Given a dictionary of words and an input word, create a function that returns all valid step words.

A step word is formed by taking a given word, adding a letter, and anagramming the result. For example, starting with the word “APPLE”, you can add an “A” and anagram to get “APPEAL”. Given a dictionary of words and an input word, create a function that returns all valid step words.

To solve the problem of finding all valid step words from a given dictionary, you can break down the task into the following steps:

1. Input Parsing: Start with the given word and dictionary.
2. Generate Candidates: For each letter in the alphabet, add it to the given word at every possible position.
3. Anagram Check: After adding a letter, check if any of the generated words (anagrams) exist in the dictionary.
4. Return the Valid Words: Collect and return all valid step words.

Here’s a Python function that implements this logic:

    
from collections import Counter

def is_anagram(word1, word2):
   return Counter(word1) == Counter(word2)

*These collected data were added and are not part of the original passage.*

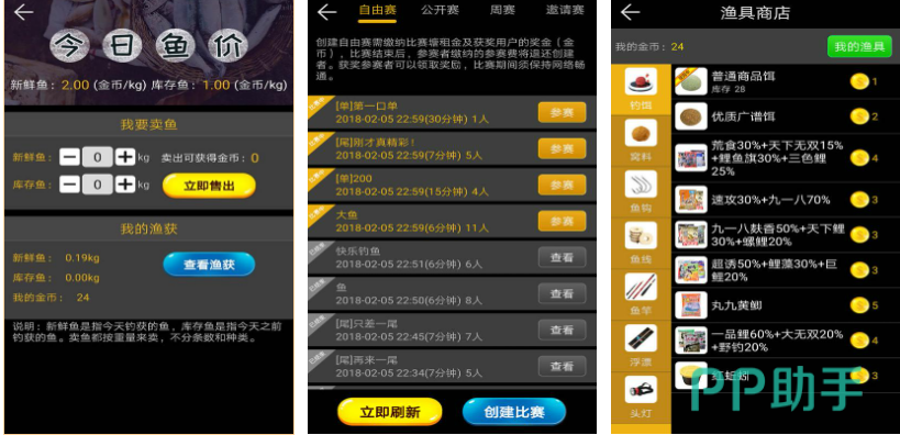 这款手游会让玩家真实了解到钓鱼带来的乐趣,玩家可以拿着自己的渔具去很多海域钓鱼,玩家需要自己组合鱼竿上的鱼线、鱼饵、鱼钩这些组件,垂钓上来的所有鱼类都可以卖出去,兑换成游戏里的金币,使用金币能够购买更好的鱼竿。这款钓鱼游戏有着不错的画面,给玩家带来一种真实在钓鱼的感觉。
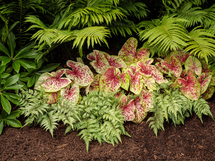 La nuova serie Fancy Leaf PW di Caladium è stata selezionata per offrire piante molto resistenti anche in fioriere o aiuole. Piante affascinati con foglie delicatamente colorate resistono senza problemi alle intemperie sia all'ombra che in posizioni di mezz'ombra grazie alle foglie decisamente più robuste rispetto alle serie classiche di Caladium. Sono piante che amano il caldo e sono da utilizzare quando la stagione estiva è avviata.
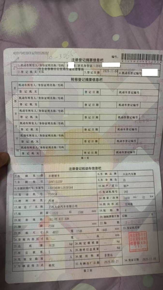 车牌号 冀****** 品牌 大众
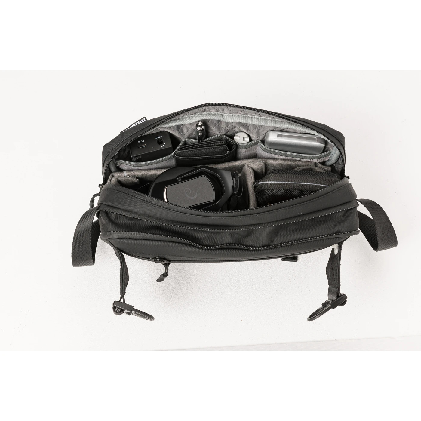 It securely holds essentials like headphones, USB drives, power banks, cameras, and personal items with a smart internal layout featuring multiple compartments, two quick-access exterior pockets, and padded, removable dividers for customizable protection.

def find_step_words(word, dictionary):
    alphabet = 'abcdefghijklmnopqrstuvwxyz'
    valid_step_words = []
    # Generate all possible step words by adding one letter at each position
    for letter in alphabet:
        for i in range(len(word) + 1):
            # Add the letter to the word
            new_word = word[:i] + letter + word[i:]
            # Check if the new word is in the dictionary and is an anagram
            if new_word in dictionary and is_anagram(new_word, word + letter):
                valid_step_words.append(new_word)
    return valid_step_words
# Example usage:
word = "apple"
dictionary = {"appeal", "apples", "maple", "paple", "apleap", "appealing"}
result = find_step_words(word, dictionary)
print(result)  # Output: ['appeal']

Explanation:

1. is_anagram Function:
   • This function checks if two words are anagrams by comparing their letter counts using Python’s Counter.
2. find_step_words Function:
   • Alphabet Loop: Iterates over each letter in the alphabet.
   • Insertion Loop: For each letter, it inserts the letter at every possible position in the given word.
   • Validation: After forming a new word, it checks if this word exists in the dictionary and if it’s a valid anagram of the original word plus the new letter.
   • Result Collection: If both checks pass, the word is added to the list of valid step words.

Example:

Given the word "apple" and the dictionary {"appeal", "apples", "maple", "paple", "apleap", "appealing"}, the function will return ['appeal'] as the only valid step word, since "appeal" can be formed by adding an “A” to "apple" and rearranging the letters.

Complexity:

• Time Complexity: The function iterates over each letter in the alphabet (26 letters) and each possible position in the word (length + 1). For each generated word, it checks if it’s in the dictionary and if it’s an anagram. The time complexity is roughly O(26 * (n+1) * m), where n is the length of the word and m is the size of the dictionary.
• Space Complexity: The space complexity is O(m), where m is the size of the dictionary.

This function effectively finds all valid step words given a dictionary and a starting word.